The first challenge is to lose the 20 pounds. It’s scary to say that out loud. But here’s the thing: I was a solid 185 pretty much my entire adult life. That still felt about 10 pounds overweight, but at least I didn’t have man-boobies. And then the 30s hit, and the scale started inching its way up. I averaged out at 190 when I was in New York, even though I drank like a fish and ate like a goat, because in New York you walk everywhere. But then I moved to Los Angeles and settled into a far more sedentary life. And I shot up to an average of 200 pounds. Which, at 5’11”, is not yet in the obese category, but is without question more than I should weigh.

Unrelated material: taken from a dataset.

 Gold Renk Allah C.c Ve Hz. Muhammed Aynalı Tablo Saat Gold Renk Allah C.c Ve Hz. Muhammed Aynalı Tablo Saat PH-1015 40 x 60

Also, I’m having a baby. Well, I’m not having a baby. My wife is having a baby. This is actually the first time I’ve announced it in public. Surprise! Congratulations, us! And I figure if Sarah is having a baby and has to sacrifice drinking and doing fun things and will eventually feel compelled to lose any weight she might gain during the pregnancy (which she probably will not have to worry about because she is a beanpole), the least I can do is make a real attempt at losing the creeping pounds that I’ve been ignoring for the last 15 years of my life.

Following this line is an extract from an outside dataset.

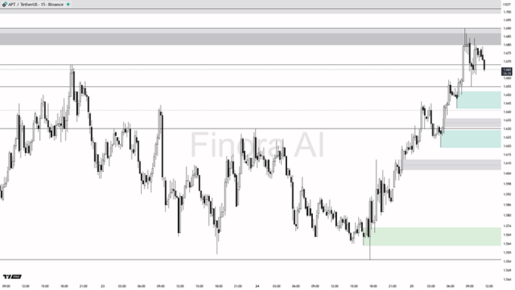 On the 15m chart, the APT price remains in an uptrend with higher highs and higher lows. However, price is now stalling just below the most recent swing high. This is often where early buyers start taking profits, especially after a fast move up.

Also, I read this thing. This guy lost 60 pounds in 5 months! Just by eating sensibly! That’s the kind of weight loss regimen I can get with. Here’s the thing: I’m not a snacker. I’ll have a handful of tortilla chips or pretzels at night, but from 9-7, all I eat is breakfast, lunch, and dinner. I don’t really eat sweets. Some ice cream once a week or something. I wouldn’t call myself a compulsive eater.
However, I do really, really like good food. When we eat out, I pretend I am on food vacation. I will eat every slice of bread in the bread basket. I will eat every scrap of food on my plate. And if it’s a special occasion, like, say, Friday, I will get a dessert. So we need to put an end to that.
And also, I really like beer. I do not have any weakness for hard alcohol. But put me in a festive environment, and I can easily plow through 8 beers without blinking. This is not something I’m proud of. And maybe putting myself up for public shame is the thing that’s going to get me to finally break my nasty habits.
Or, like many other experiments I’ve attempted in the past, I could get lazy and just stop doing it after a few weeks. We shall see. For today, anyway, I’m feeling motivated.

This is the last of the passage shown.